- [Your assignment] In the lines below, output everything from the first line through the line containing "na svom instagramu." exactly as it is. Pictures are not part of the output.

::: Data section

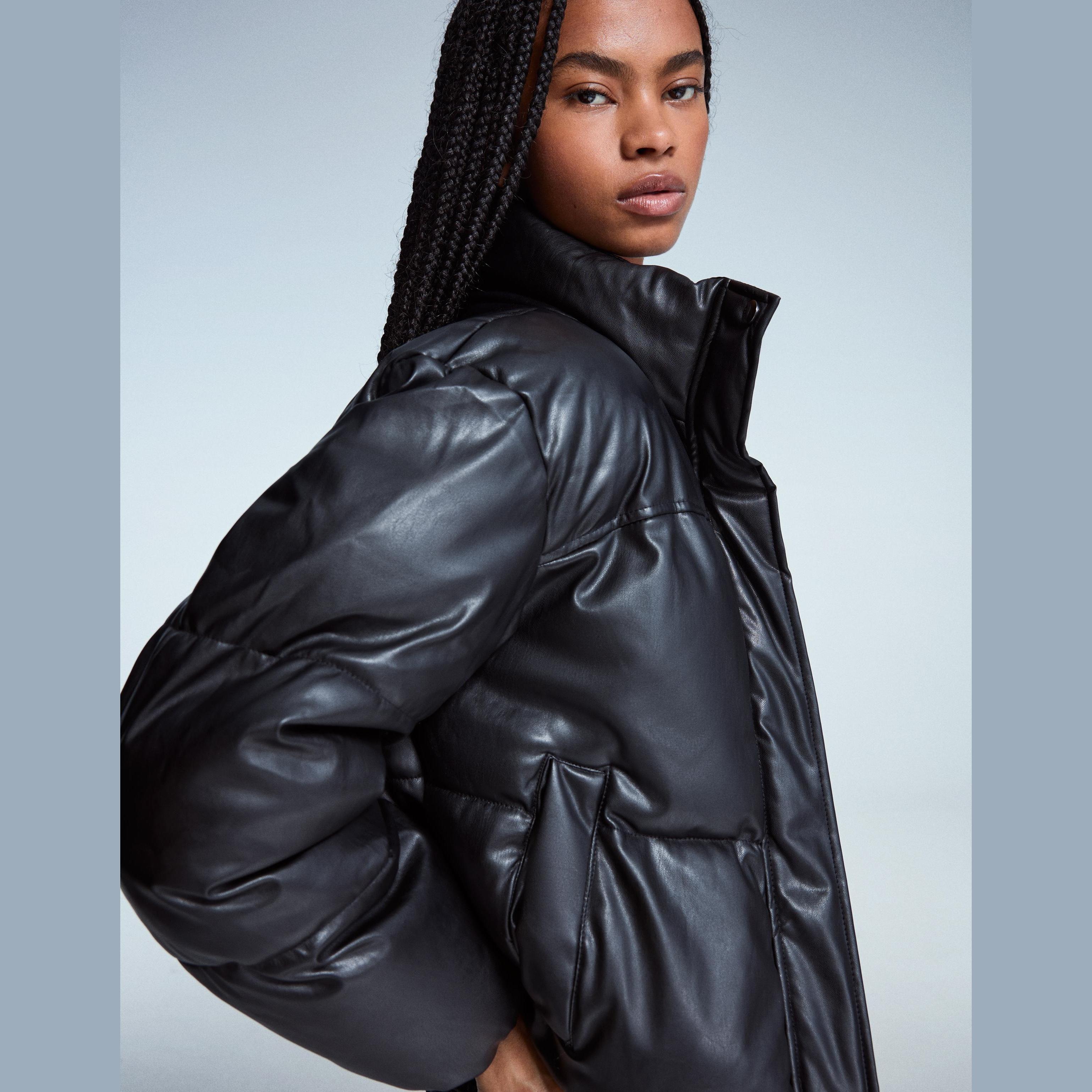 ارتقي بإطلالتك الشتوية مع هذا الجاكيت المنفوخ بتأثير الجلد من Bershka. تصميمه الجريء ولمسته اللامعة يمنحانك مظهرًا عصريًا دافئًا، مثالي للأيام الباردة والمناسبات الكاجوال ذات الطابع الحضري.
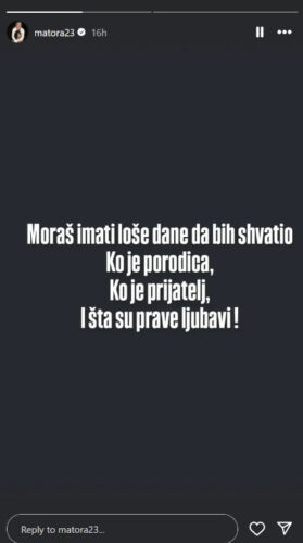 – Moraš imati loše dane da bi shvatio ko je porodica, ko je prijatelj i šta su prave ljubavi – napisala je Matora na svom instagramu.
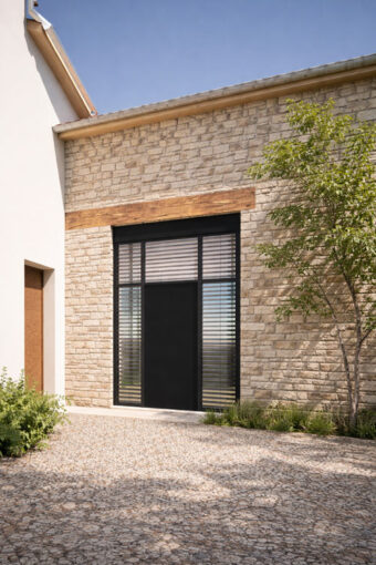 Ce projet implique une réorganisation complète des espaces afin de distinguer clairement les fonctions d’habitation et d’activité professionnelle. Un nouveau caveau de dégustation est ainsi aménagé dans un ancien espace de stockage, complété par une arrière-cuisine et un sanitaire. Une ouverture est créée en façade pour marquer l’entrée dédiée à l’accueil des clients. Le bureau prend place au rez-de-chaussée, dans l’ancien caveau, tandis que le reste de la maison est repensé pour répondre aux besoins de la vie familiale.
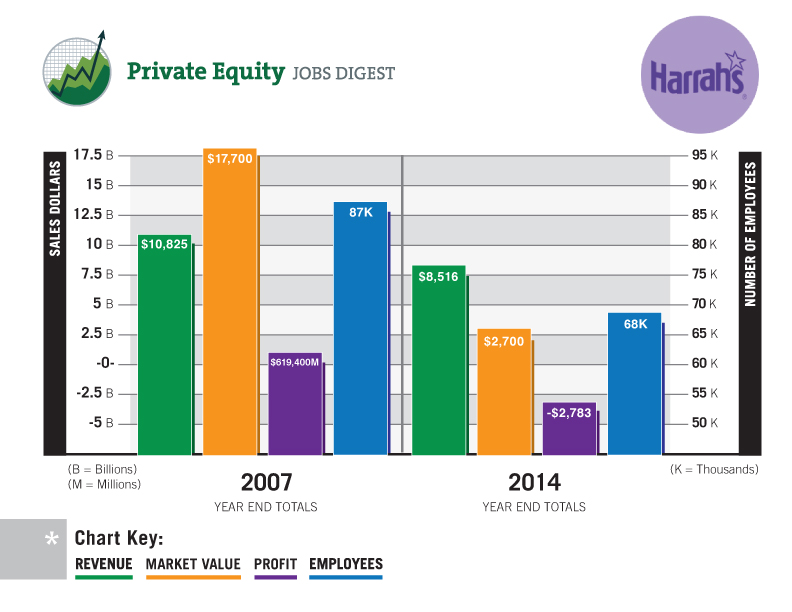 The $17.7 billion buyout of Harrah’s Entertainment by two private equity firms, Apollo Management and Texas Pacific Group, was the fourth largest private equity buyout ever at the time. The transaction, which included the assumption of $10.7 billion in debt, totaled approximately $27.8 billion

::::::

- [Task response]
 ارتقي بإطلالتك الشتوية مع هذا الجاكيت المنفوخ بتأثير الجلد من Bershka. تصميمه الجريء ولمسته اللامعة يمنحانك مظهرًا عصريًا دافئًا، مثالي للأيام الباردة والمناسبات الكاجوال ذات الطابع الحضري.
 – Moraš imati loše dane da bi shvatio ko je porodica, ko je prijatelj i šta su prave ljubavi – napisala je Matora na svom instagramu.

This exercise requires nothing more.